Сначала они обедали. Он ел с таким аппетитом, так вкусно и красиво, что ей передалось это его удовольствие. Она вспомнила, что сама лишь пила кофе на двух переменах, правда, Ирка угощала ее тортом с чьего-то на соседской кафедре, дня рождения. «И моему цыганенку, пожалуйста, в тарелочку», –  она всегда так делала, Ирка без комплексов, и все-то у нее получается обаятельно и органично.
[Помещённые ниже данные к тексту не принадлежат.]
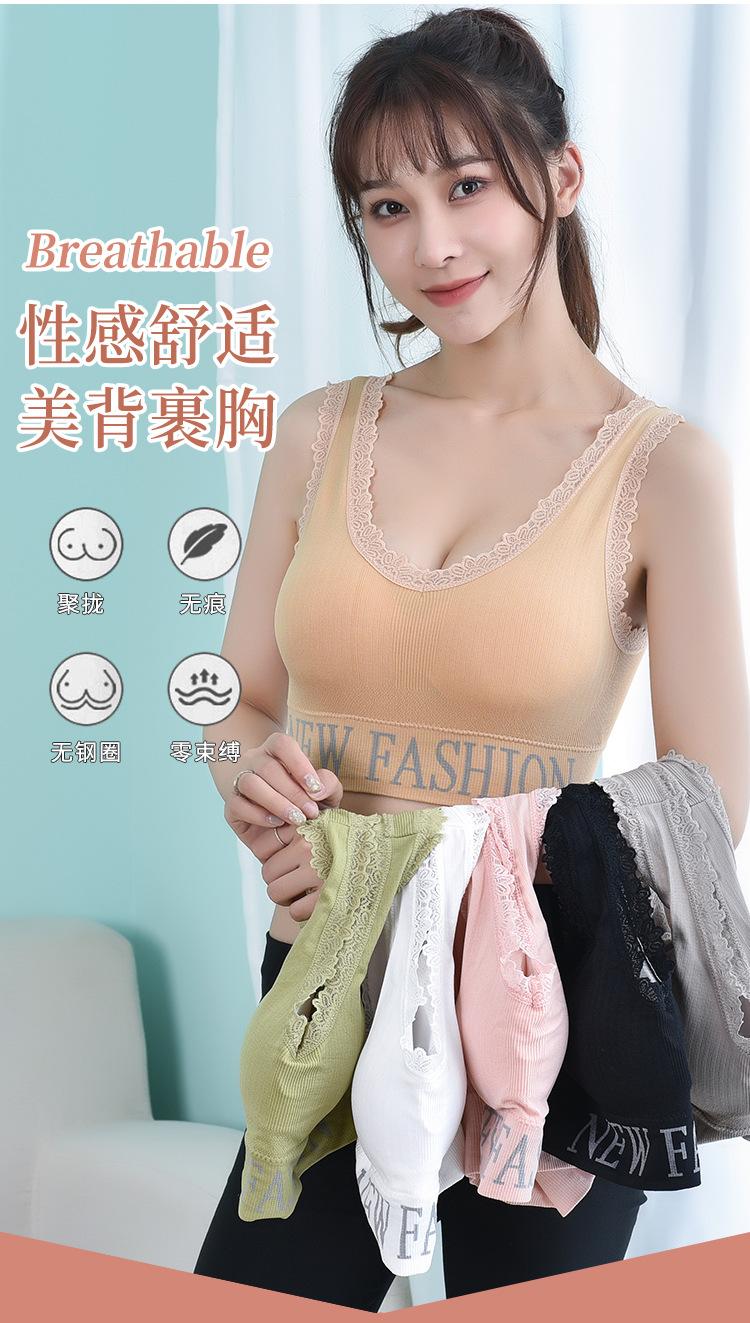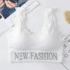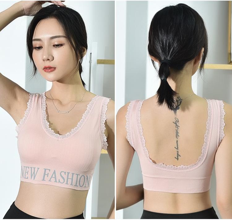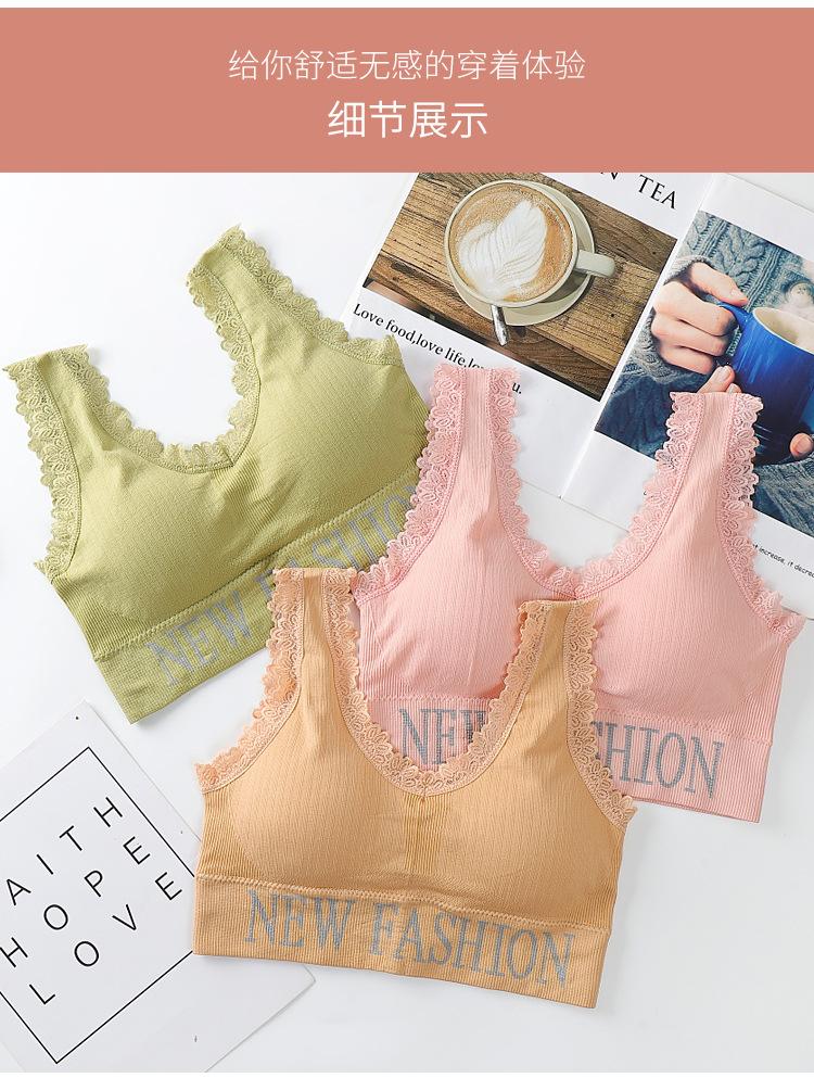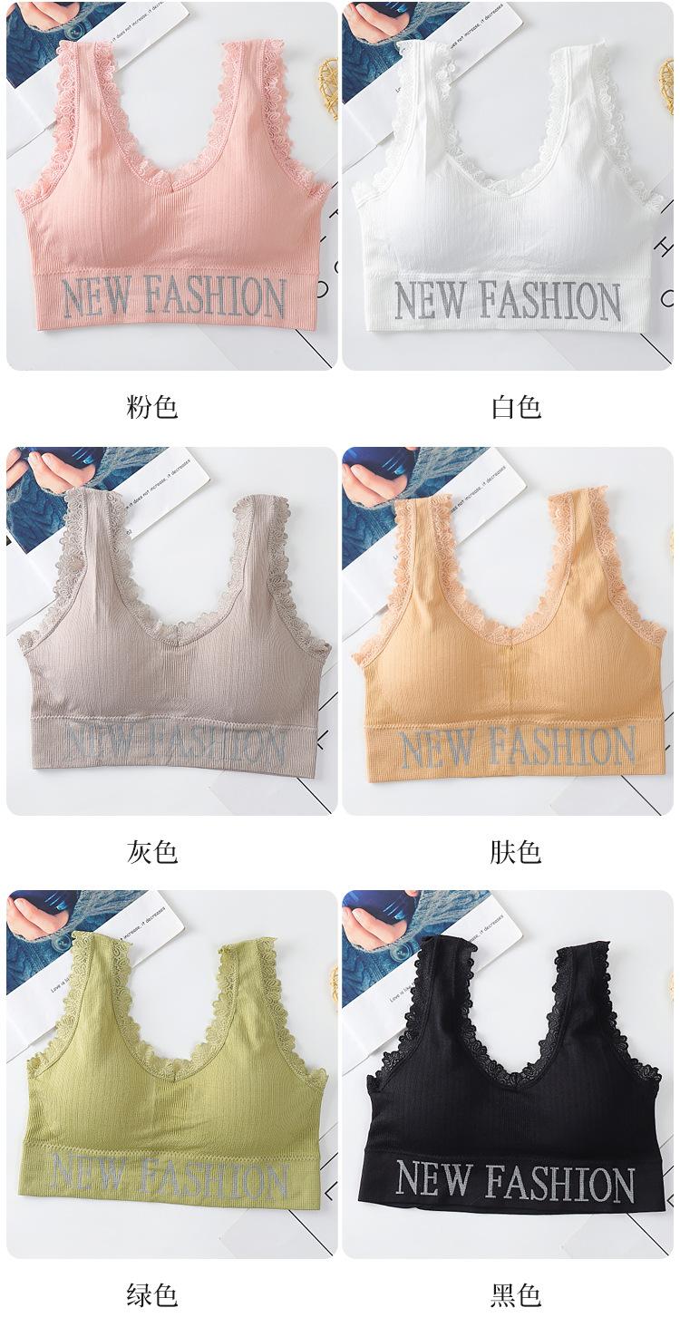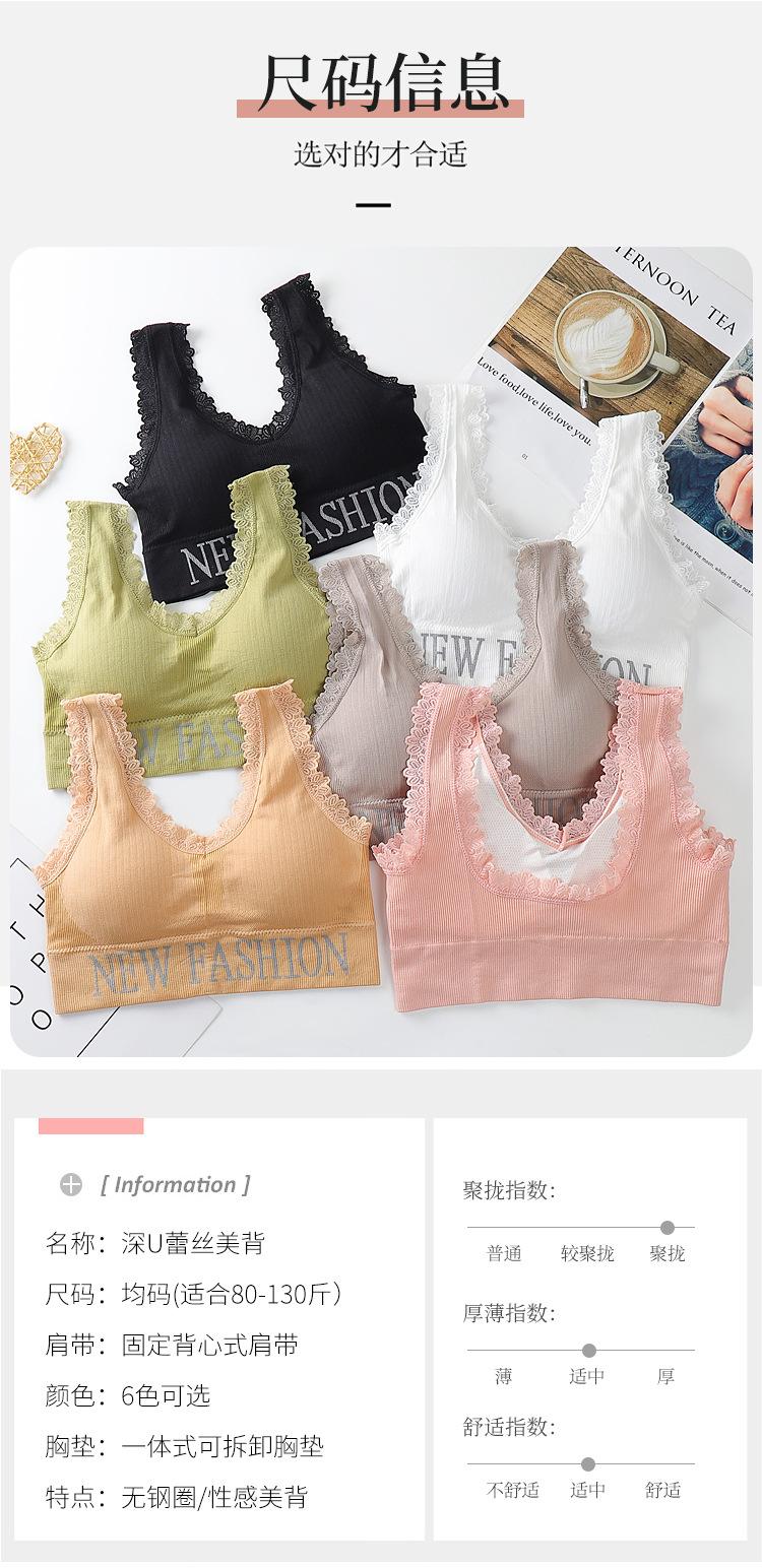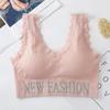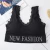 Ropa interior sexy de encaje sin costuras con alfabeto inglés, cómoda y fruncida, estilo chaleco grande con encaje en U para mujer

Лада с удовольствием слопала и солянку, и «табака», и жульен, и салат. Они смеялись, о чем-то спорили, что-то обсуждали и все не могли наговориться. Было беспричинно весело и удивительно легко. А потом, уже вечером, во время быстрого танца, она почувствовала, что у нее кружится голова, и он вовремя подхватил ее, после раскованного экстравагантного па, и, приблизив к себе, положил ее руки на свои плечи. И они так танцевали сначала быстрый, потом медленный танец, под что-то удивительно нежное, мелодичное, ностальгическое, с какими-то трогательными словами незамысловатой ресторанной песенки. Я что ли люблю китч и попсу? И гордо ответила сама себе: да, люблю, хороший китч и хорошую попсу. Ну если только чуть-чуть пошловатую, на излишне рафинированный взгляд:
«У любви глаза зеленые
Не простят, не пощадят…»,
«..И не ты со мною под руку,
Из гостей идешь домой.
И нельзя мне даже облаком,
Плыть по небу над тобой…»,
«..В нашу пору мы не встретились,
Свадьбы сыграны давно…» 
Хотелось плакать. Было жаль «лирического героя», всех, не узнавших любви, всем, кому суждено расставаться, всех несовпавших  во времени и пространстве и всех, кому предстояла разлука. И себя жаль.
« Ночи, ночи раскаленные,
Сон-травою шелестят.
У беды глаза зеленые,
Неотступные следят…»
Еще не хватало! Слезы женщины под шофе под ресторанный шансон! Надеюсь, он не увидел их в полумраке освещения. Вот тебе и Ахматова с Гумилевым и Мандельштамом, вкупе с Пастернаком! Нужно  срочно подпудрить носик!
…Они опомнились только, когда оркестранты стали собирать инструменты «Я сошла с ума, о мальчик милый, в среду, ровно в три часа», - произнесла она про себя, изумившись на секунду совпадению: именно так, в среду, в три. Впрочем, разве я сошла с ума так сразу? И вообще, куда это там вообще сошла? Глупости какие!
- Дети уже подали в розыск.
- Мы их задобрим конфетами. Надеюсь наши дети достаточно взрослые, чтобы не сидеть голодными, ожидая маму?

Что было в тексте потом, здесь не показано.